> _What you need to do_
Copy the listing exactly, please, and keep every picture out of it.

> _Collected data_
[Start of section]
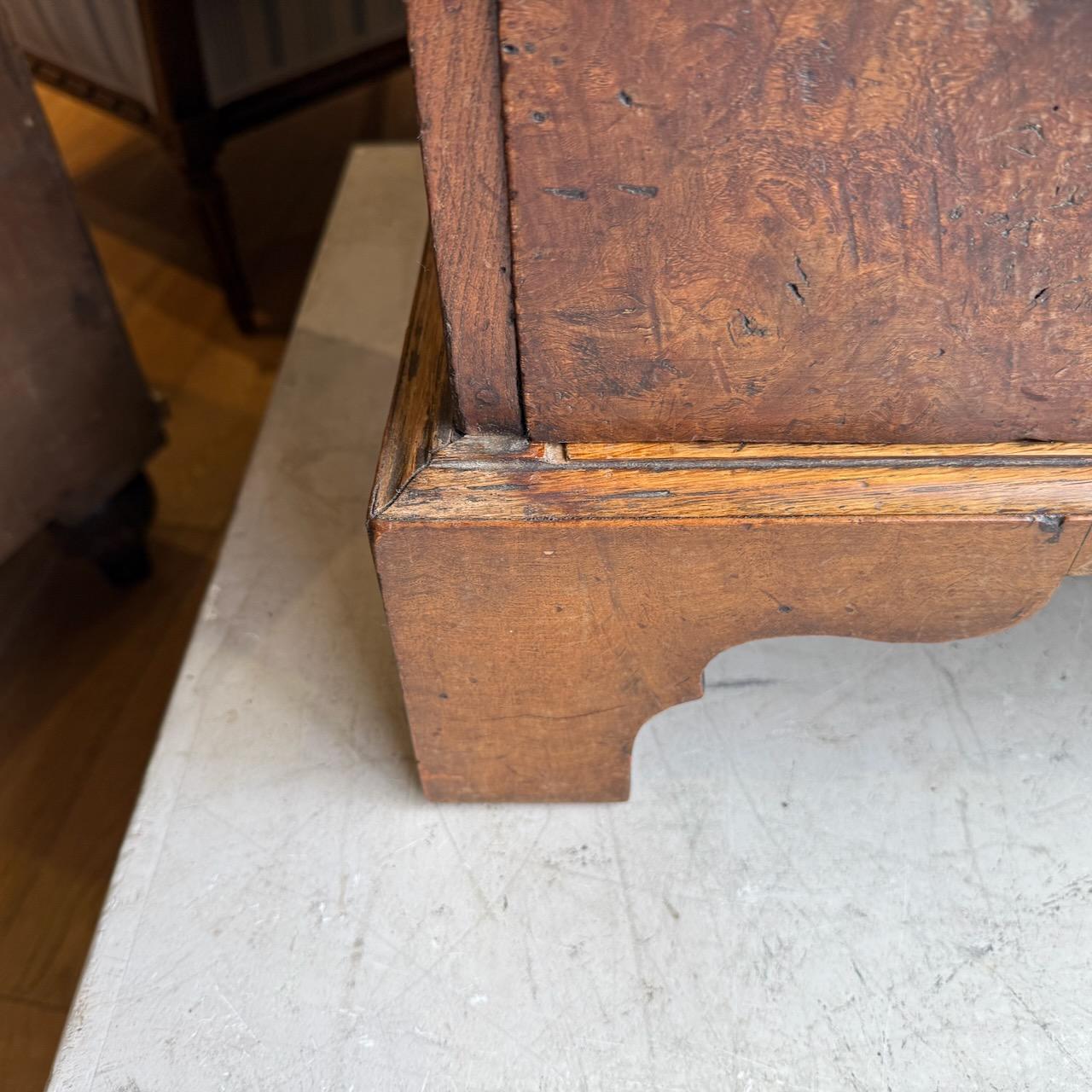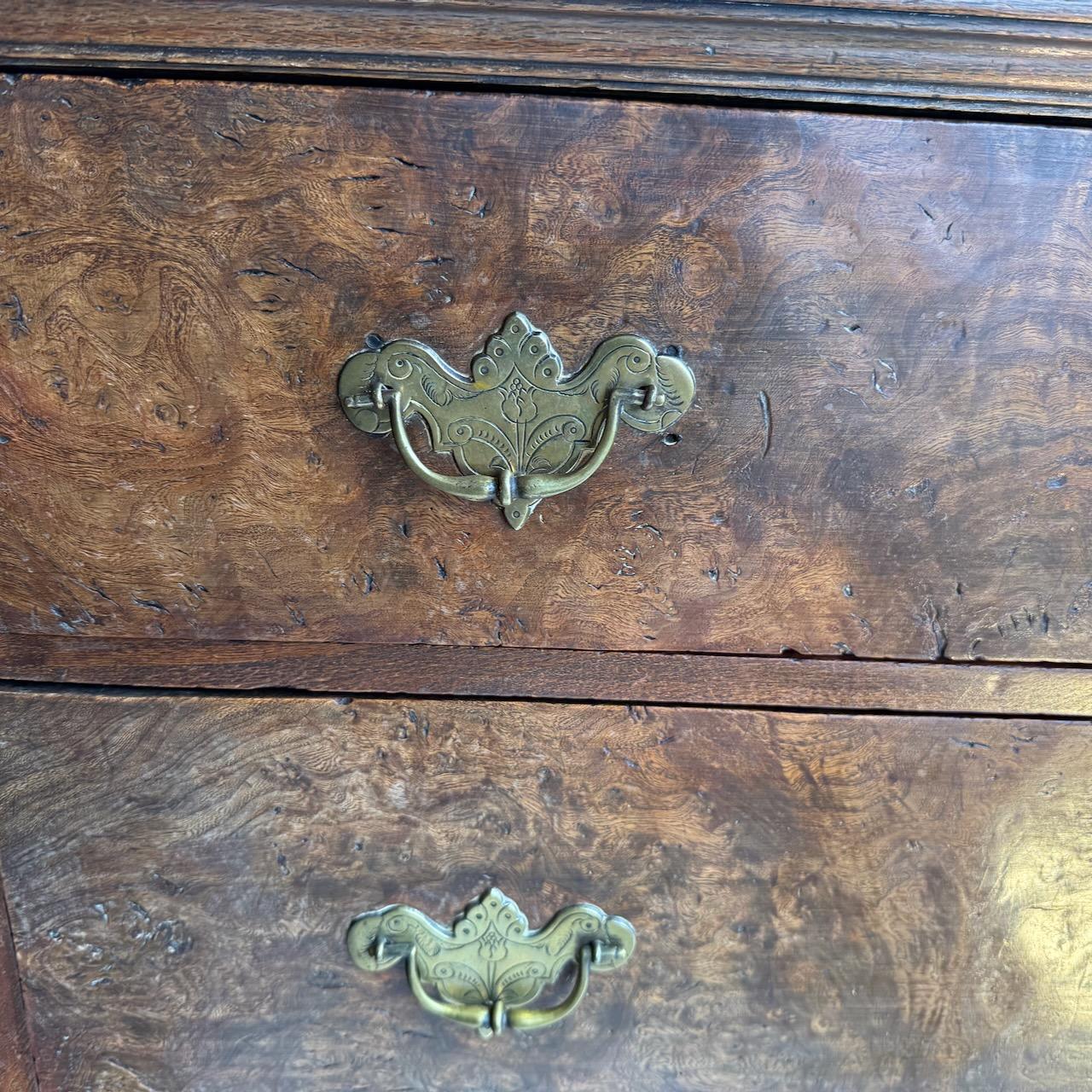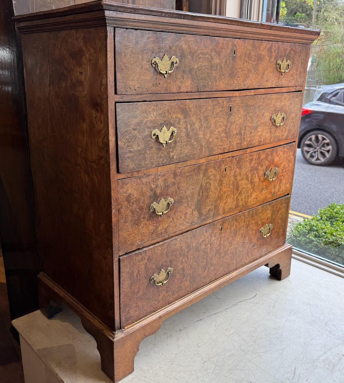 George II Chest of Drawers, in Burr Elm, the plank top with moulded edge above 4 graduated drawers with later engraved brass handles, standing on bracket feet (later)
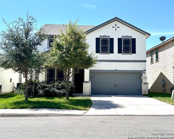 Beautiful 2-story home featuring 4 spacious bedrooms and 2.5 bathrooms, each bedroom equipped with ceiling fans for added comfort. The open floor plan offers a comfortable living space perfect for entertaining, including a separate dining area and a breakfast bar. The kitchen is equipped with modern appliances and gas cooking, making it both stylish and functional. Additional features include a water softener, a dedicated media room for movie nights or gaming, and a small loft ideal for an office or reading nook. Step outside to a private backyard oasis complete with a sparkling swimming pool, perfect for relaxing or hosting gatherings. Located off Galm Rd. with quick access to 1604 and just 15 minutes to UTSA, near shopping and dining. Weekly pool service included.
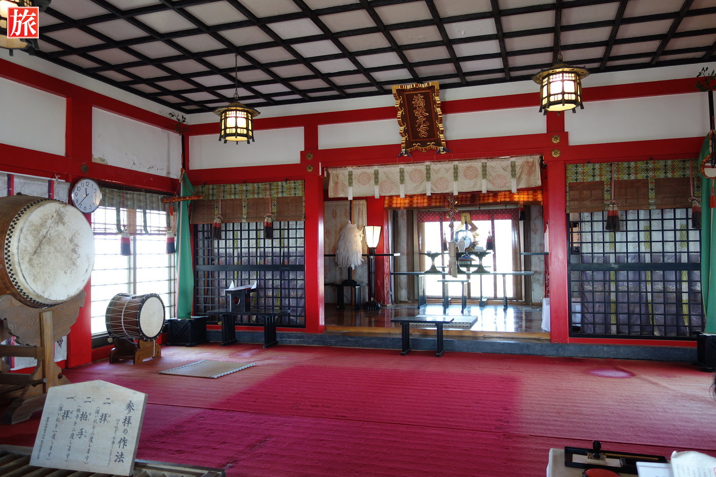 鳥居をくぐるった先にあるのが元宮の拝殿です。白馬に乗って、神様が降臨された石と言われる馬降石(ばこうせき)。
[End of section]
> _Solution_
 George II Chest of Drawers, in Burr Elm, the plank top with moulded edge above 4 graduated drawers with later engraved brass handles, standing on bracket feet (later)
 Beautiful 2-story home featuring 4 spacious bedrooms and 2.5 bathrooms, each bedroom equipped with ceiling fans for added comfort. The open floor plan offers a comfortable living space perfect for entertaining, including a separate dining area and a breakfast bar. The kitchen is equipped with modern appliances and gas cooking, making it both stylish and functional. Additional features include a water softener, a dedicated media room for movie nights or gaming, and a small loft ideal for an office or reading nook. Step outside to a private backyard oasis complete with a sparkling swimming pool, perfect for relaxing or hosting gatherings. Located off Galm Rd. with quick access to 1604 and just 15 minutes to UTSA, near shopping and dining. Weekly pool service included.
 鳥居をくぐるった先にあるのが元宮の拝殿です。白馬に乗って、神様が降臨された石と言われる馬降石(ばこうせき)。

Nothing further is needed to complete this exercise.